Academics have covered remix culture, and the mainstreaming of geekdom is like, a constant refrain everywhere, so not even going to bother, mostly because he froze me up at the Etewaf horror--very Lovecraftian, that--in which everyone has easy access to everything and that's like, really bad.
Let's not romanticize the past in which we had to wait for years and go uphill both ways to get our manga, okay? That shit isn't nostalgic; that sucked. It sucked. Yes, we had lively discussions waiting for new issues for about an hour and then geeks went to war, and geek war isn't like mundane war; most of us enter with a vocabulary not limited to languages that actually exist and a lot of us grew up beneath the thumb of mainstream contempt and high school bullying and whoo boy did we carry that into every conversation ever? Oh, we did. Harry Potter books had what, a one to two year wait or average? Did you see that fandom? And let me just say, thank God Star Trek II didn't come out during internet culture and have the waiting period before Star Trek III came out: bloodshed, people.
Geek culture was expensive; it was very much the territory of middle and upper middle class who could afford to import direct from Japan or knew someone who could if the titles you wanted weren't here. Even domestic products weren't cheap or easy; it's not that long ago that VHS tapes were this new and exciting thing that allowed recording instead of staring at the television listings for a hopeful glance of something not a rerun of fifties era programming and being really disappointed on a daily basis. Cable still isnt' universally accessible even in the US, and certainly not in rural Texas, much less internet. Working class geek meant used bookstores because hardcovers or even new paperback were for birthdays, Christmas, and when it was something my entire family would want to read (which luckily, we overlapped taste in a lot of things). Buying movies was an event that was considered carefully.

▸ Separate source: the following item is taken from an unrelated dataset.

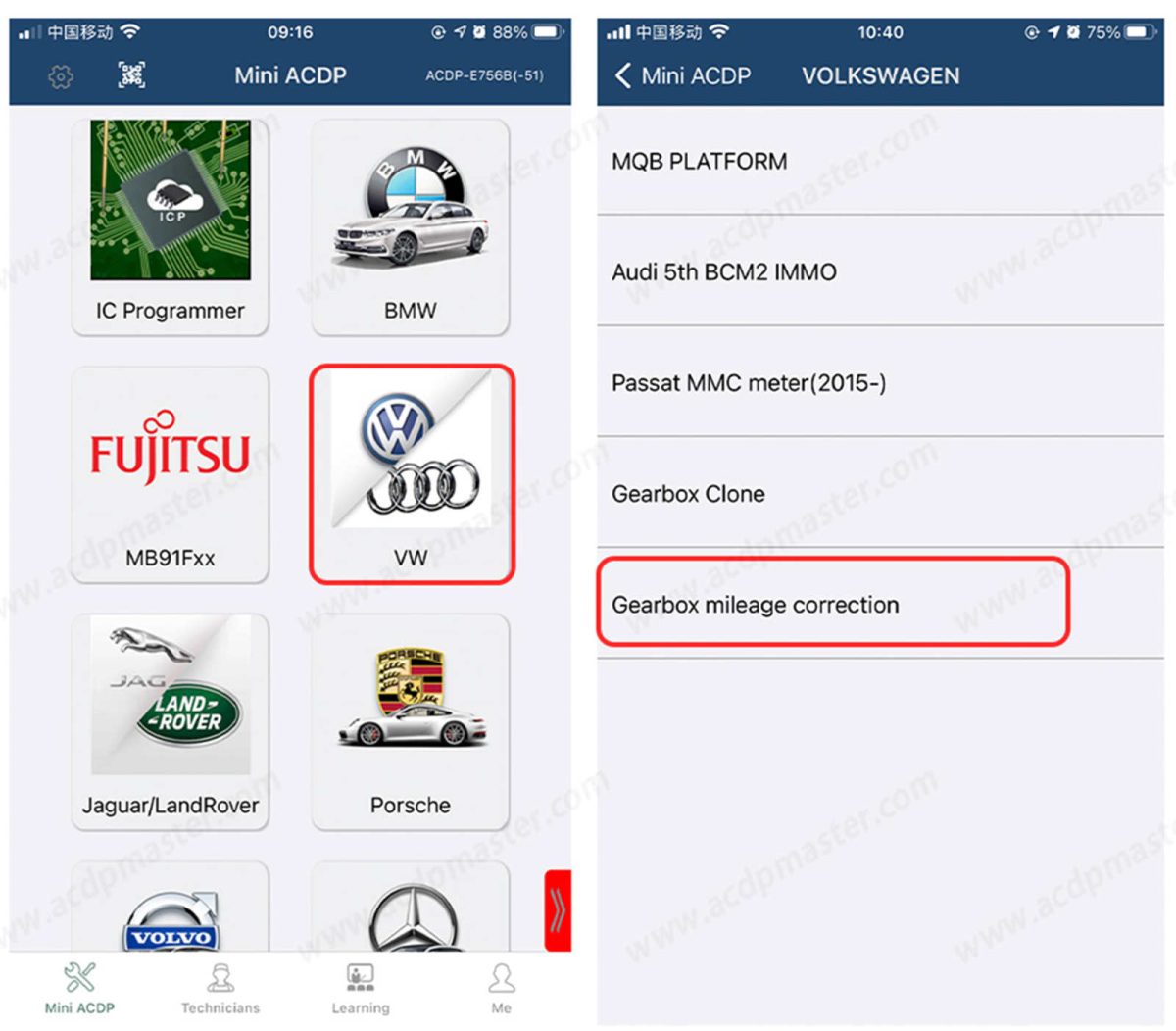 2. se você tem Yanhua Mini ACDP Module19 (SH725XX Clone da caixa de velocidades) ou Module25 (VW/Audi 0DE correção da quilometragem da caixa de velocidades) já, e precisa VW/Audi DQ500 0BH Continental Gearbox função de correção da quilometragem, você pode comprar a licença sozinho

[I'd love to hit a real discussion of classism in geekdom because along with shitty race issues and shitty sexism issues, geek cultural development wasn't just white and male, it was white, male, and specific to certain economic classes as well. It's not that POCs, women, and the non-middle-class weren't geeky or didn't develop their own geek-related culture but geek as it is presented to mainstream culture is--well, white, male, and very obviously both.
[I'm still boggling at people who are utterly shocked that POC and women attended and still attend sci-fi conventions and are interested in the same things that mainstream geek culture is; yes, we've been here all along, and the question you should be asking is not 'where have you been' but 'why didn't I see that?' No one asks that, though. It's weird.]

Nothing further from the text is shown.